TIMEMORY_DECLARE_COMPONENT(component_dev)   // forward declare your component
using dev_bundle_t = tim::component_tuple<component_dev>; // use an alias like this to call the component

int main(int argc, char** argv)
{
    tim::timemory_init(argc, argv);

    // create a measurement instance and give it the label "work"
    dev_bundle_t _obj("work");
    _obj.start();    // start recording

    // ... do something that produces data your component can collect ...

    _obj.stop();      // stop recording

    tim::timemory_finalize();
    return EXIT_SUCCESS;
}

namespace tim
{
namespace component
{
struct component_dev : public base<component_dev, some_data_type>
{
      static std::string label() { return "component_dev"; }
      static std::string description() { return "collects some component data"; }

      auto record() { ... something ... }
      auto start() { ... something ... }
      auto stop() { ... something ... }
};
}
}

// this is only really necessary if threads are used 
TIMEMORY_INITIALIZE_STORAGE(component_dev)

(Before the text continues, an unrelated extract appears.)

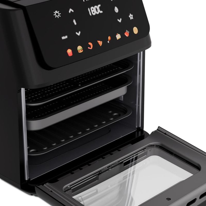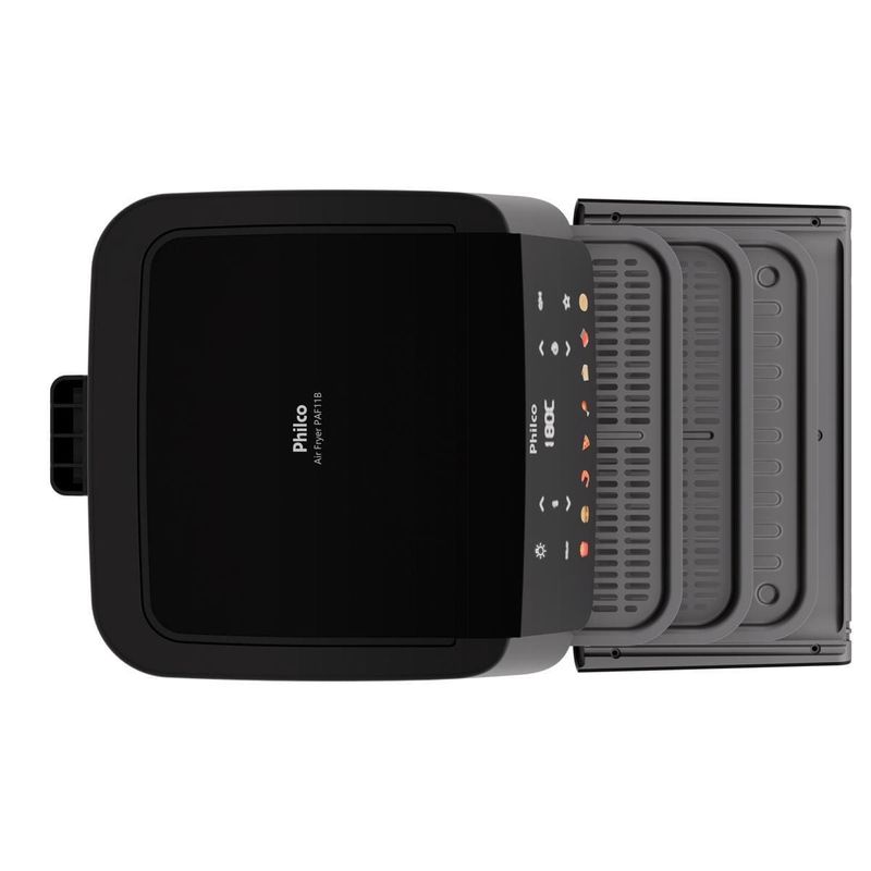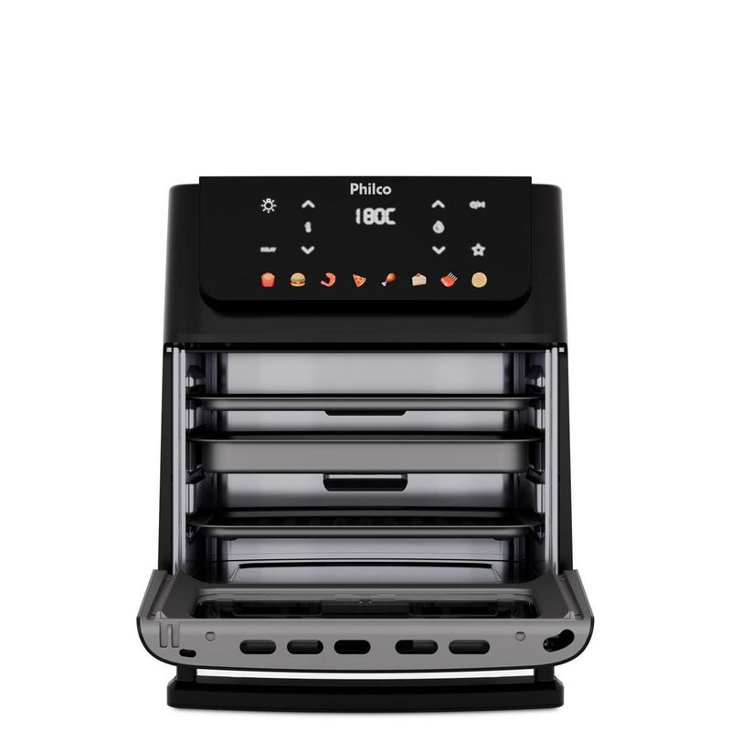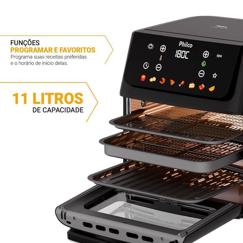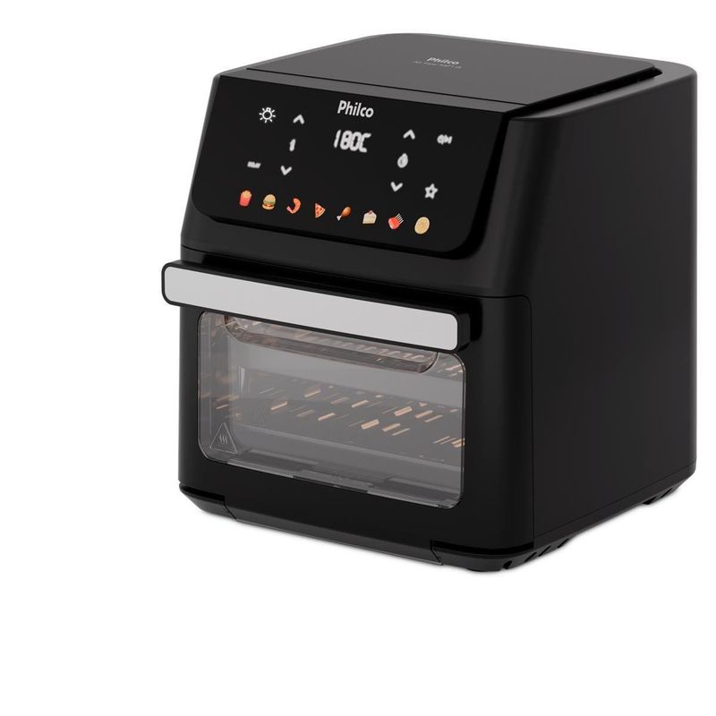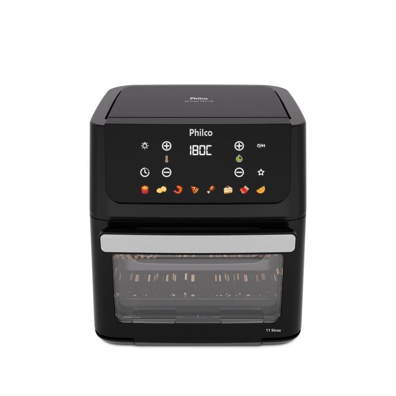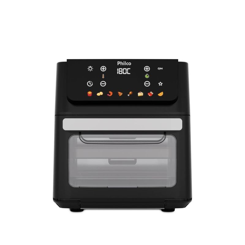 A Fritadeira Elétrica Oven PAF11B 11L da Philco é a escolha perfeita para quem busca praticidade e sabor. Com 8 funções pré-programadas, você prepara diversos alimentos sem complicação. A capacidade de 11 litros garante espaço para grandes porções, ideal para famílias ou para receber amigos. A porta com visor removível permite acompanhar o preparo sem abrir, mantendo o calor interno. Além disso, a limpeza é fácil e rápida. Com a função Programar, você define o horário do preparo e organiza sua rotina. Já a função Menu Favorito grava seus ajustes preferidos para receitas rápidas. Conta também com função Agitar, que avisa quando é hora de mexer os alimentos para um dourado uniforme. O cesto antiaderente evita que os alimentos grudem, garantindo preparo saudável com pouco ou nenhum óleo. Com potência de 1800W e temperatura máxima de 200°C, suas receitas ficam sempre no ponto certo. Design moderno em preto fosco, desligamento automático e função manter aquecido completam a experiência. Aproveite toda a tecnologia Philco para transformar sua cozinha! Que tal combinar essa fritadeira elétrica com um super Aparelho de Jantar? Aproveite agora mesmo!

Once you have this set up, just try to encapsulate taking one measurement as one instance of component_dev, where:

  • void start() starts the measurement and stores the measurement data as member data for that instance
  • void stop() stops the measurement and computes the difference between the current measurement and the measurement in start()

A couple things to note:

  • The some_data_type in base<component_dev, some_data_type> above doesn't have to be the "final" data type reported by the component. You should set that data type to whatever data type is optimal for between start/stop
    • The base-class will provide some_data_type value and some_data_type accum. In general, it is recommended to record to value in start() and then in stop(), record value as value = (record() - value) and then accum += value. This way, start() and stop() can be called multiple times without issue: value is represents the most recent measurement or delta and accum is the sum/max/etc. of one or more phases.
  • The "final" data type is what is returned the "get() const" member function, e.g. for the wall-clock timer:
    • some_data_type is int64_t and the values are always in nanoseconds
    • the get() function is double get() const and it takes accum and converts it seconds.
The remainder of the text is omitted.